How does that affect our lives?”
But Byron Dale’s problems were only beginning as a debt dispute then prompted an inspection of his farm.
“PCA [Production Credit Association] brought suit in state court on October 18, 1982, to enforce its inspection rights and alternatively for possession of the cattle should the inspection reveal a default. Dale was served with an order to show cause and a temporary restraining order. At the hearing, Dale defended by asserting his “payment-in-kind”1 note and PCA’s refusal to accept tender. The court ordered Dale to allow PCA officials onto his property.”
“On March 18, 1983, state officials including Governor Janklow, State Highway Patrol Director Baum, and Officer Murphy, devised a plan to draw Dale away from the ranch so that the order could be executed peacefully. Dale learned of the plan, however, and returned to the ranch. Governor Janklow then telephoned Dale and attempted to dissuade him from resisting. Dale insisted that he would defend his property with his life.

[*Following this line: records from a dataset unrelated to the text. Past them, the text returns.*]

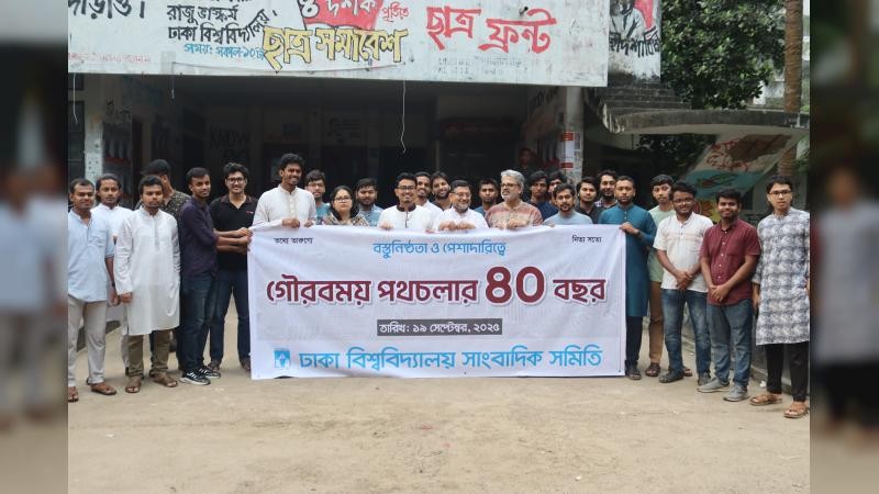 শুক্রবার (১৯ সেপ্টেম্বর) বিকেলে প্রতিষ্ঠাবার্ষিকী উপলক্ষে ডাকসু ক্যাফেটেরিয়ার শিক্ষক লাউঞ্জে অনুষ্ঠিত আলোচনা সভায় বিশ্ববিদ্যালয়ের শিক্ষক, প্রশাসন, প্রাক্তন ও বর্তমান সাংবাদিক সমিতির সদস্যরা অংশ নেন।
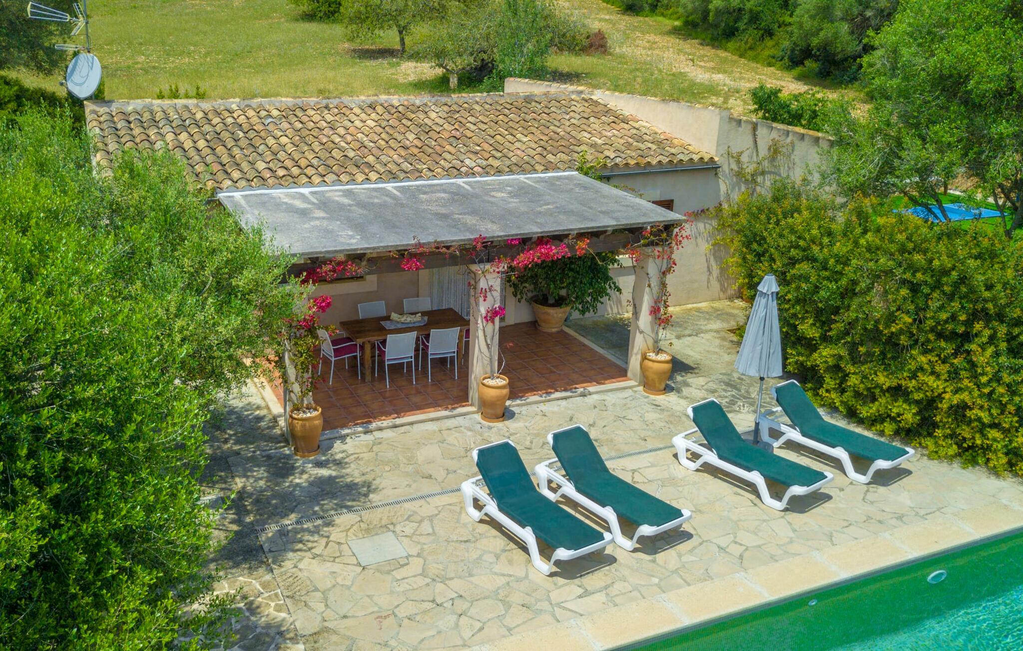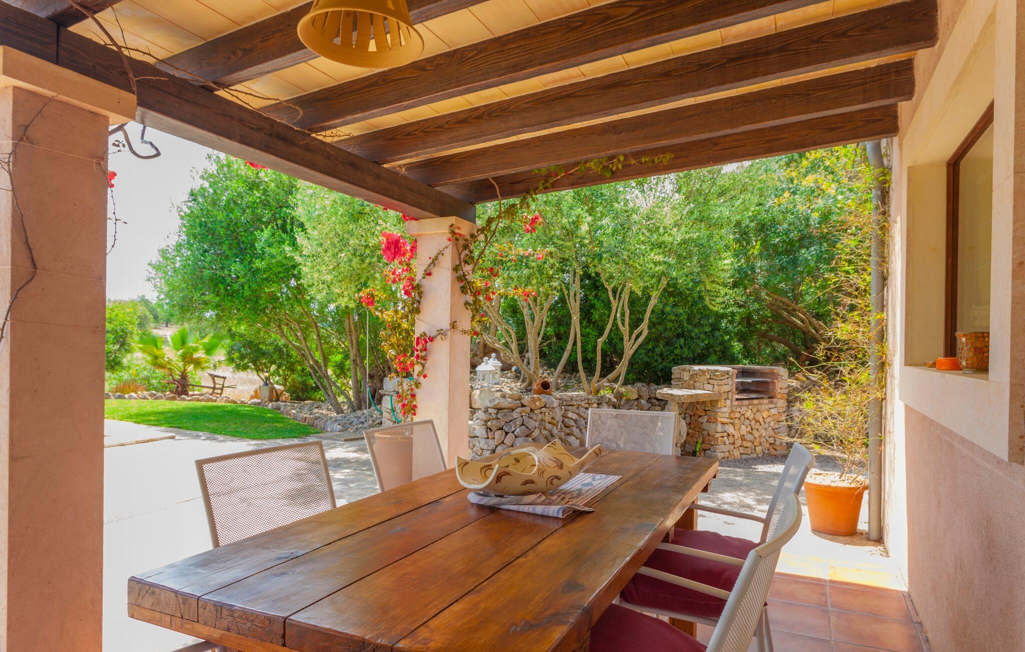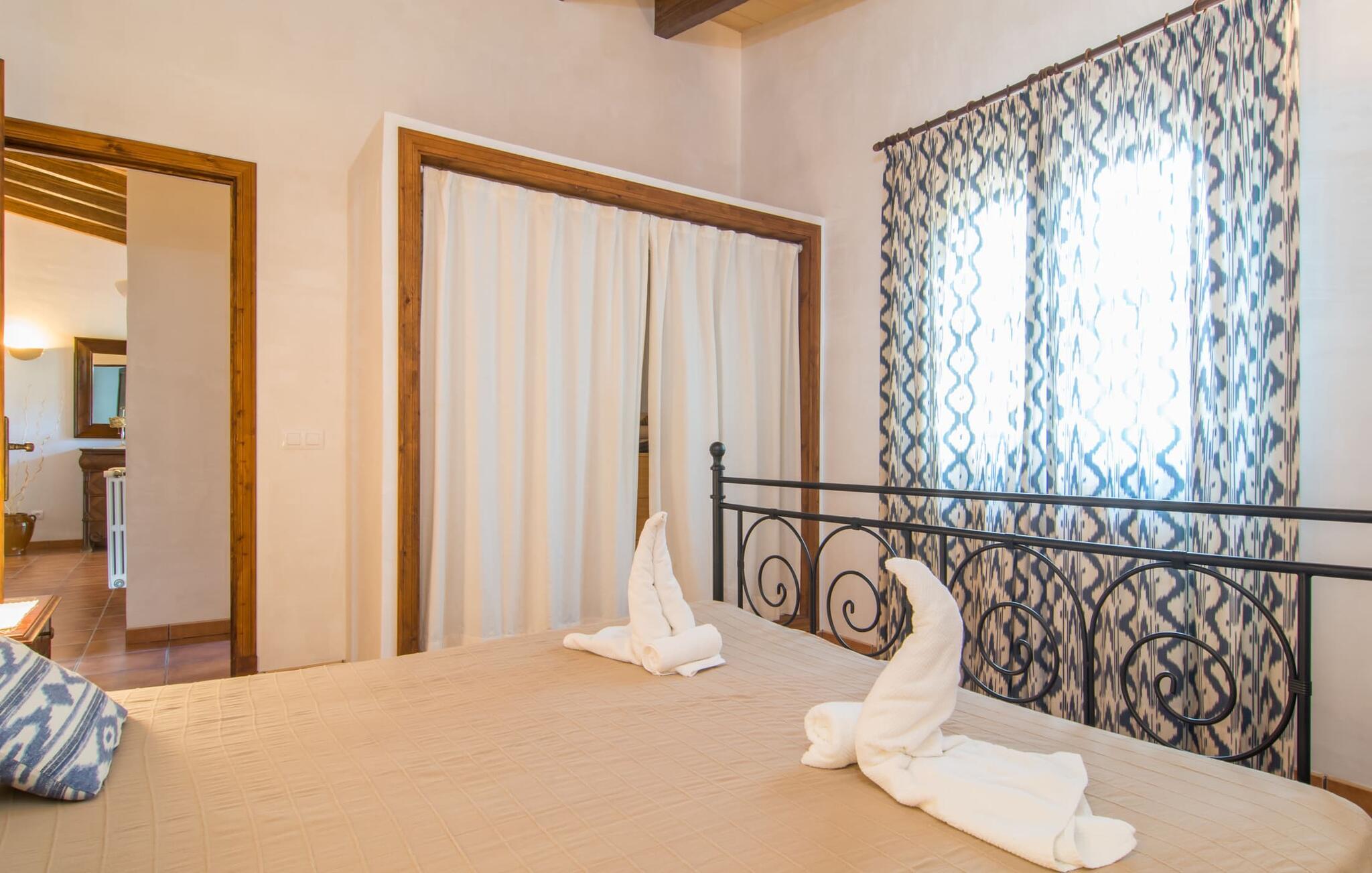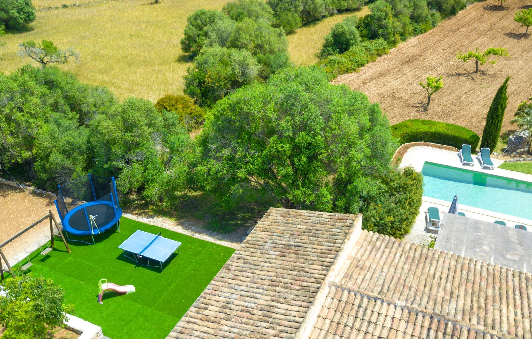 På den mest idylliske og afsides beliggenhed venter den charmerende villa "Can Galvany" bare på at byde de næste gæster velkommen. Og det starter uden for villaen, for alene udearealet får jeres kæbe til at falde. Omdrejningspunktet for det kærligt designede værelse er den store, skinnende grønne pool midt på en smuk solterrasse, der indbyder til bad. I kan helt sikkert tilbringe en afslappende eftermiddag eller to med en god bog på de komfortable liggestole omkring poolen. Og for dem, der foretrækker et mere skyggefuldt sted at sidde, er der lige ved terrassen en stor overdækket spiseplads med et stilfuldt bord, ideelt til en fælles middag. Dette kan tilberedes på den rustikke grill, som gør hvert stykke kød eller fisk til en kulinarisk fornøjelse. Til en kort eftermiddagslur anbefaler vi hængekøjen, som er placeret under en eventyrlig kuppel lavet af træstammer og blade. Simpelthen utroligt! Et andet udendørs højdepunkt er mere beregnet til de mindste: gynger, rutsjebaner, bordtennisborde og en græsplæne til at slippe dampen af sikrer masser af sjov. Denne villa har noget at tilbyde for enhver smag. Villaens indretning er en kombination af rustik og moderne stil på én etage – I behøver ikke bekymre jer om over- eller underetagen. Den åbne stue-spisestue fremstår lidt mere reserveret, men udstråler så meget komfort med dets indirekte lys, udskårne tagbjælker og stilfulde møbler, at I får lyst til at synke ned i en af de smarte sofaer og tilbringe timer der. Skulle I føle jer lidt sulten, finder I alt hvad I skal bruge i villaens køkken til at tilberede alverdens lækre lækkerier. Til en afslappende nat bagefter har villaen tre smukke dobbeltværelser, som alle har subtile møbler og lyse, beroligende farver - perfekt til at genoplade jeres batterier. Et af værelserne har endda et pragtfuldt walk-in-closet og en-suite badeværelse; Der er ingen tvivl om, hvilket soveværelse der er mest værdifuldt. Men selvfølgelig kan de andre gæster også starte dagen med et brusebad: endnu et smukt udstyret badeværelse er tilgængeligt for alle at bruge, som de ønsker. Gemt i det smukke landskab i det smukke sydøstlige Mallorca ligger villaen “Can Galvany”. Feriestedet Felanitx ligger kun 6 km væk og tilbyder alt til jeres daglige behov - fra supermarkedet og det ugentlige marked til apoteker og pengeautomater. Den nærmeste strand, Cala Murada, ligger også kun 12,3 km væk i bil. Bemærk venligst, at denne ejendom ikke accepterer ungdomsgrupper eller polterabender. En ungdomsgruppe på denne ejendom består af personer på 27 år eller derunder. Book ikke denne ejendom, hvis I er en ungdomsgruppe eller polterabend, da jeres reservation vil blive afvist, når den er booket, hvilket også kan være tilfældet ved ankomst til ejendommen eller under jeres ophold, og I vil ikke modtage en refusion
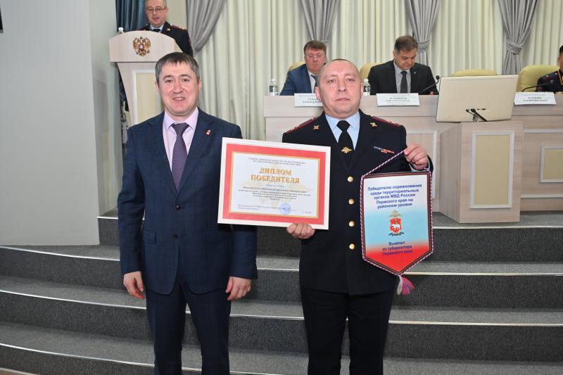 Руководители подразделений получили почетные грамоты и переходящие вымпелы из рук губернатора Пермского края Дмитрия Махонина, врио начальника регионального МВД генерал-майора полиции Аяса Кандана и председателя Совета ветеранов органов внутренних дел и внутренних войск Пермского края Валерия Кокшарова.
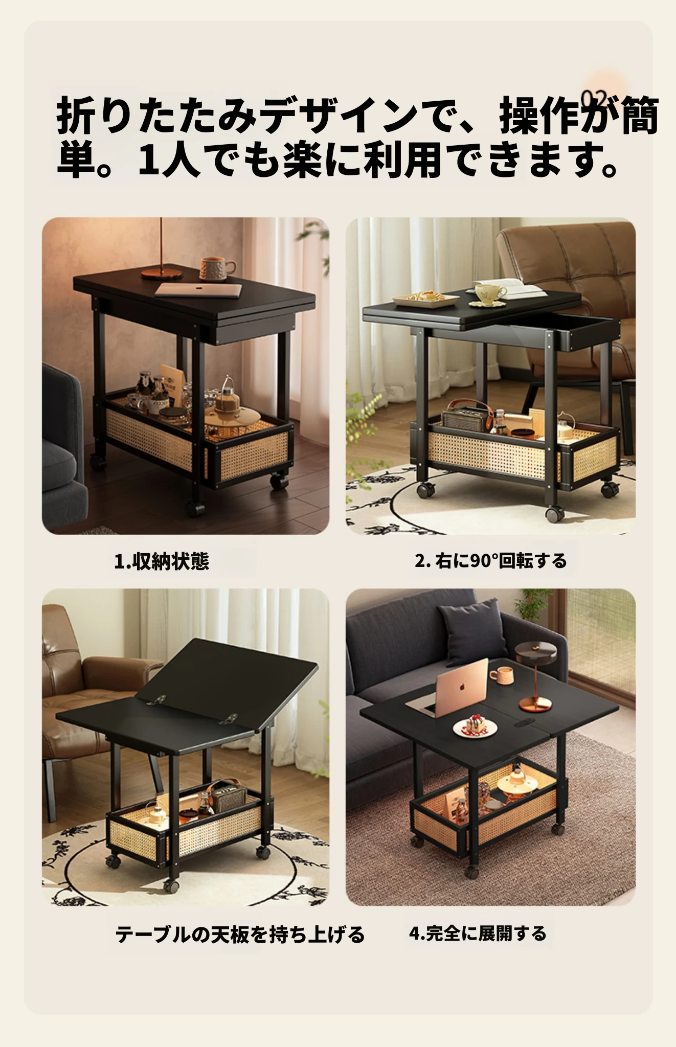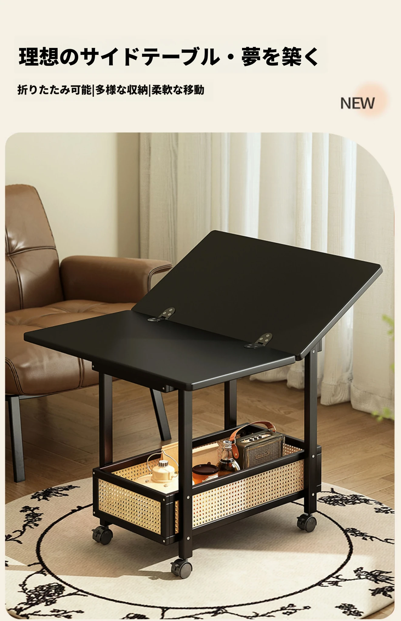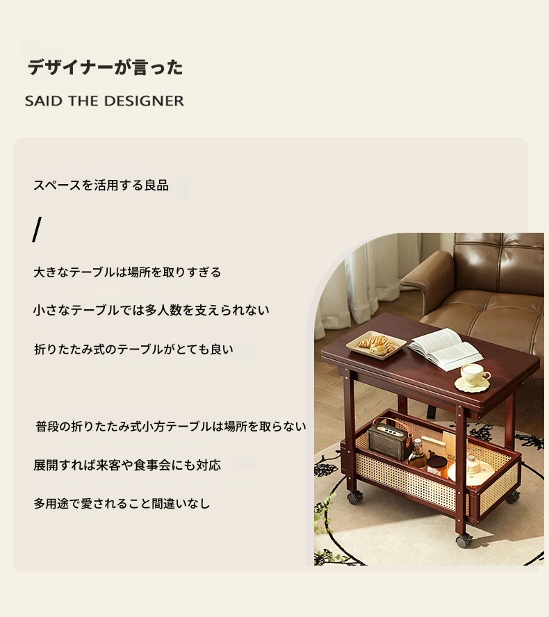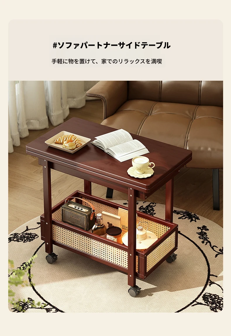 移動式折りたたみテーブル!リビングや寝室にぴったりのミニサイドテーブル。アートコーナーや収納にも最適!使い方は自由自在、スペースを有効活用しておしゃれな空間を演出!

Director Baum and Officer Murphy arrived at the ranch to serve the court’s order and ensure the safety of the receiver in executing that order. At the time that Director Baum and Officer Murphy were present, Dale was armed. During the course of their conversation, Officer Murphy hit Dale with a catsup bottle and after a struggle Dale was subdued.”
In other words, police officers then jumped on Dale and beat him almost to death.
Now as for Cliven Bundy, if the reports are correct the federal government has militarized internal police and heavily armed troops at the ready against a farmer, his wife and a few cow hands. There are also reports of militia groups that are now being dispatched that will have no problem having an armed conflict with the militarized police.
Not only does he see this as his last stand against tyranny he also sees it as liberty’s last stand.
This is the case of one farmer fighting the system. The system that bears the bitter fruit of the police state where the ideological divide has been created by pundits and a small group of bureaucrats in Washington DC.
Like columnist Charley Reese said, this bureaucracy consists of one president, nine Supreme Court justices, one hundred senators and 435 congressmen, that is a total 545 people that are in control of the men surrounding that ranch. There are 300 million people in this country that should demand that the overreach of government be stopped.
That is 300 million versus 545.
545 plus forty or more police officers, tactical units using high powered ordinance and MRAPS that I am sure are waiting to take a cattle ranch by force to protect a tortoise.
Isn’t this a sign that this has gone too far?
There are untold thousands of others employed to enforce the police state on a federal and local level. Several alphabet agencies report to the chosen 545 and do not question their motives. They only know that they are to arm and neutralize a perceived or potential crisis and to enforce an order that imposes civil rights violations across the board.
The CIA and the NSA, along with several highly private security and militarized security groups that do not answer to congress, use their unlimited budgets to wiretap, observe, search and seize property without due process.
They also kill perceived bad guys that are painted as guilty by the media without their day in court. Once again, the negation of due process is cheered on by those who observe without a court hearing or even a peep from a jury of the defendant’s peers.
CNN says: “The office of the District of Columbia medical examiner said in the autopsy that one round struck Carey in the left side of the back of her head, and she was also hit three times in the back and once in her left arm. The report didn’t determine in what sequence Carey was hit. Toxicology tests determined Carey didn’t have alcohol or drugs in her blood… The family is suing the Department of Justice, the Secret Service and U.S. Capitol Police for $75 million.”